Susan L. Smith, MN, PhD


March 28, 2003

The Clinical Neurologic Examination

The clinical neurologic examination is the standard method for the determination of brain death. This examination can proceed only if: (1) complicated medical conditions that may confound the clinical assessment, particularly severe electrolyte, acid-base, or endocrine disturbances, have been ruled out; (2) severe hypothermia, defined as a core body temperature ≤ 32°C, is absent; (3) the patient is not hypotensive; and (4) there is no evidence of drug intoxication, poisoning, or presence of neuromuscular blocking agents in the patient's system.[5] The clinical neurologic examination for the determination of brain death is discussed in detail in a Medscape Clinical Update, Donation and Transplantation: Into the New Millennium.[5]

Neurologic examination criteria for determining brain death include coma and an absence of[8]:


  • Motor response to painful stimuli; spinal cord reflexes may still be present

  • Pupillary reflex (response to light and pupils at midposition with respect to dilation)

  • Corneal reflexes

  • Oculovestibular reflex

  • Gag reflex

  • Coughing in response to tracheal suctioning

  • Respiratory drive at a PaCO2 of 60 mm Hg or 20 mm Hg above baseline level

  • Sucking and rooting reflex (in infant).
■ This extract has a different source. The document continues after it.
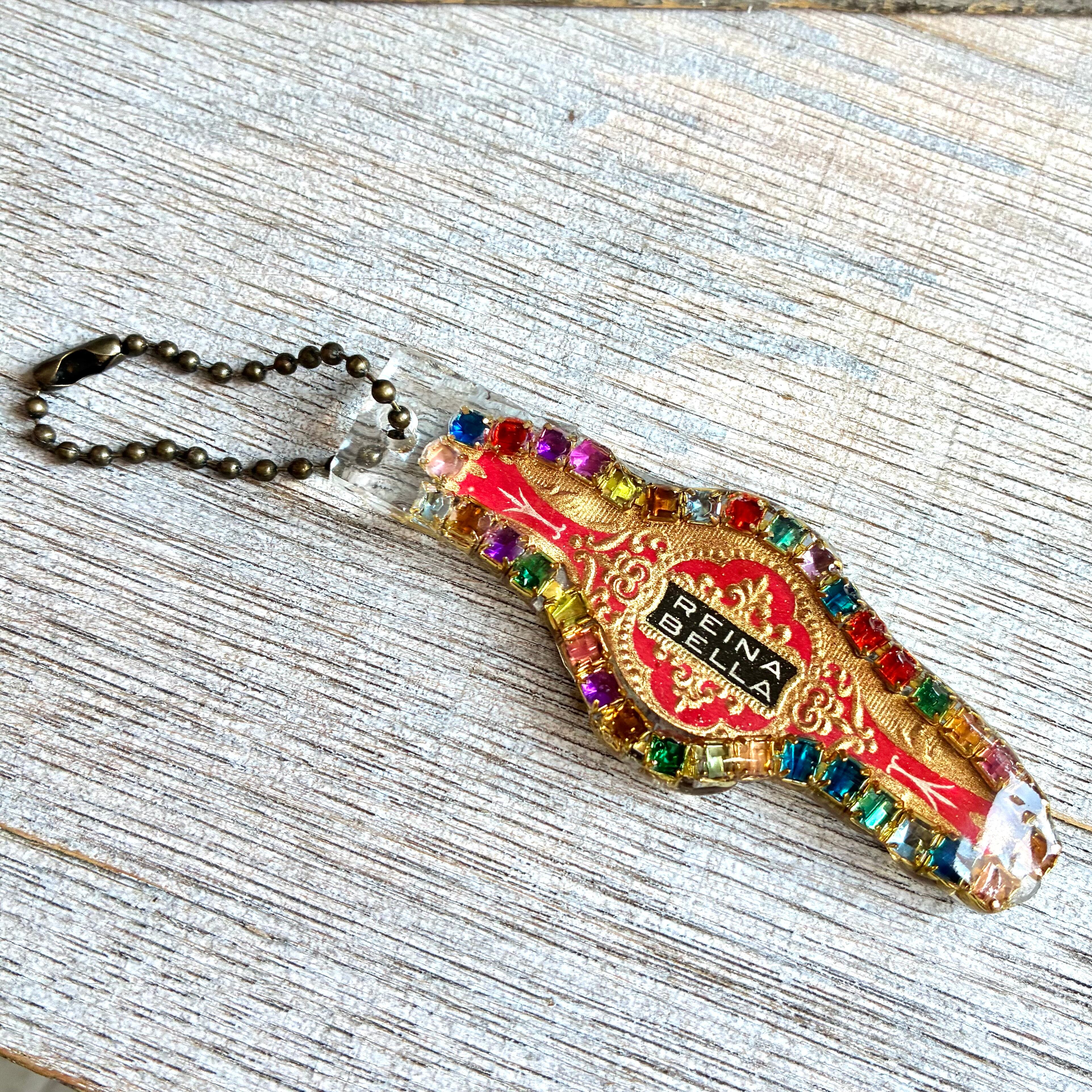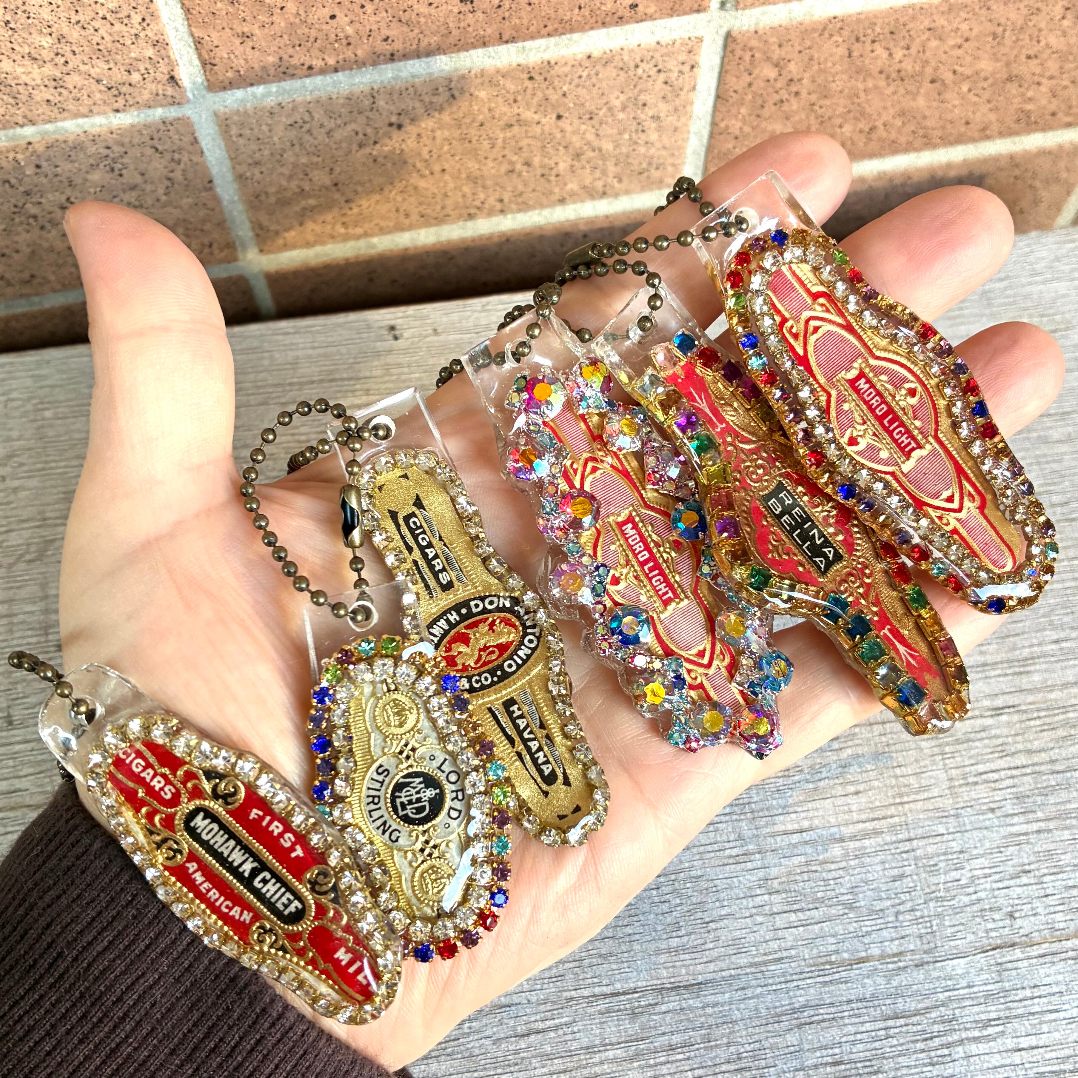 1940年代のヴィンテージのシガーラベルにラインストーンを飾ってレジンでコーティングしボールチェーンキーホルダーにしました!

More than 1 consecutive neurologic examination may be necessary to determine brain death. Depending on the patient's age, the time intervals between neurologic examinations are as follows[8]:


  • 48 hours for newborn term infant to 2 months

  • 24 hours for > 2 months to 1 year,

  • 12 hours for > 1 year to < 18 years

  • Optional for ≥ 18 years.


In some cases, confirmatory tests such as cerebral angiography, electroencephalogram, transcranial Doppler ultrasonography, or cerebral scintigraphy may be necessary to make the determination of brain death. Guidelines for the use of confirmatory tests to declare brain death are also based on the patient's age[9]:


  • 2 confirmatory tests are necessary for newborn term infant to 2 months

  • 1 confirmatory test is necessary for > 2 months to 1 year

  • Use of confirmatory tests is optional for > 1 year to < 18 years

  • Use of confirmatory tests is optional for ≥ 18 years.


When brain death is imminent, the patient is considered to be a potential organ donor until determined otherwise, usually by the medical director of an OPO or a transplant physician or surgeon.